[Dataset content — start]

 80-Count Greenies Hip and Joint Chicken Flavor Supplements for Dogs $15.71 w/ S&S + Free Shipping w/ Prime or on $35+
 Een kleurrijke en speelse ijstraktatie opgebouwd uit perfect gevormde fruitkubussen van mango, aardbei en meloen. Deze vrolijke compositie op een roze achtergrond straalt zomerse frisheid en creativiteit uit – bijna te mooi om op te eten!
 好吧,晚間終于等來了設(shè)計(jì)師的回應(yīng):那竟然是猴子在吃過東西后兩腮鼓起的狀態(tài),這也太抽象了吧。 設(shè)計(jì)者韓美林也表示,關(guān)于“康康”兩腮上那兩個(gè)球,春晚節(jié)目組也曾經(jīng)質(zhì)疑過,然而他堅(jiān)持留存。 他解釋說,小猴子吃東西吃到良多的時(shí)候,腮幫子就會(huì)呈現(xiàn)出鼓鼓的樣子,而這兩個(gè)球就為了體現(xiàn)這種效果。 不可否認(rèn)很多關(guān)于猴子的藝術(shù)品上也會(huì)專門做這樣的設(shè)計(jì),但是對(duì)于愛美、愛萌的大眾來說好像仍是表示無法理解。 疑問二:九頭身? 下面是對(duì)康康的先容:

[Dataset content — finish]
[Dataset content — start]

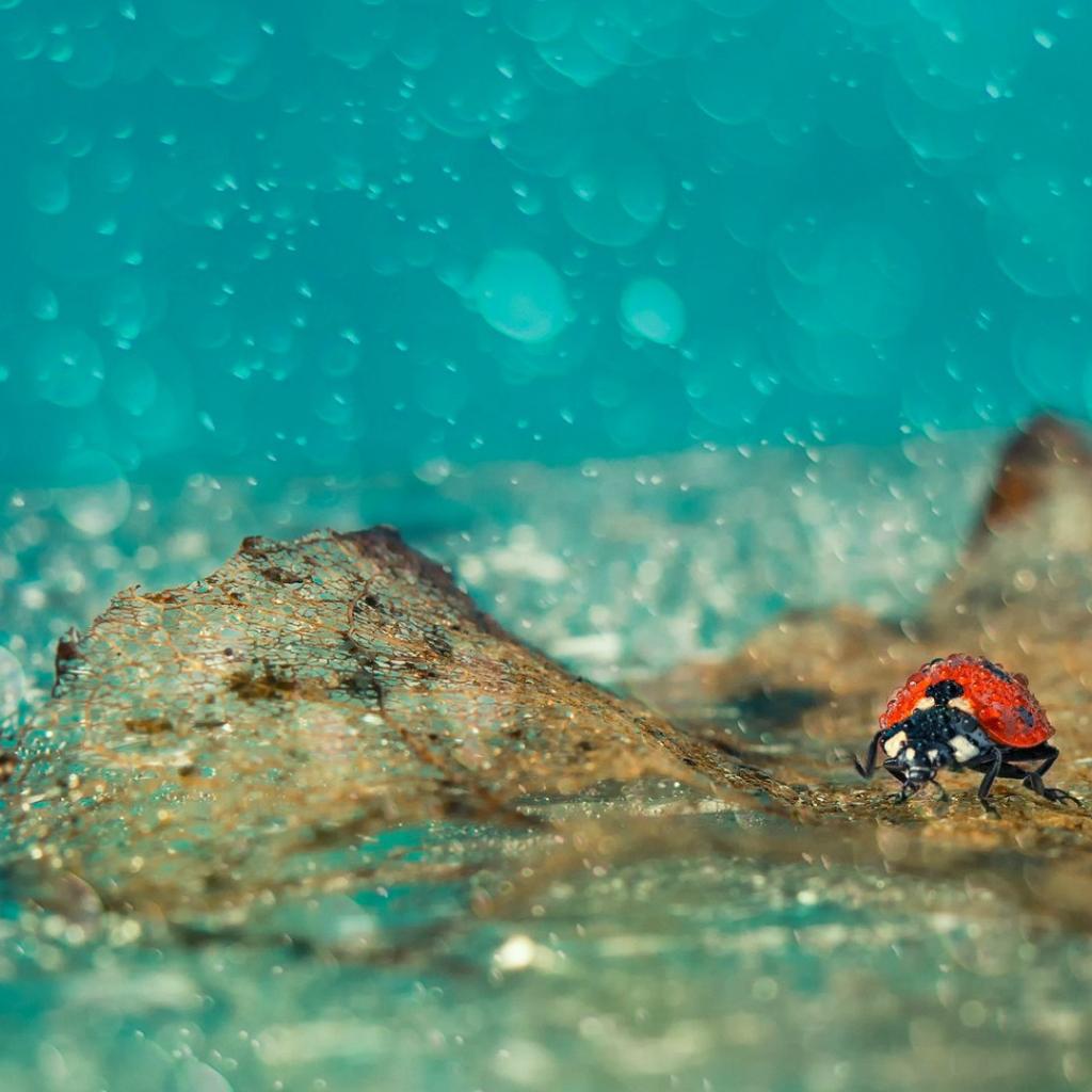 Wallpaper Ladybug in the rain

[Dataset content — finish]

• [Work order]: Copy out only the lines above from the one with "80-Count Greenies Hip" to the one with "Een kleurrijke en", inclusive, exactly as they stand.

• [Output of the exercise]:
 80-Count Greenies Hip and Joint Chicken Flavor Supplements for Dogs $15.71 w/ S&S + Free Shipping w/ Prime or on $35+
 Een kleurrijke en speelse ijstraktatie opgebouwd uit perfect gevormde fruitkubussen van mango, aardbei en meloen. Deze vrolijke compositie op een roze achtergrond straalt zomerse frisheid en creativiteit uit – bijna te mooi om op te eten!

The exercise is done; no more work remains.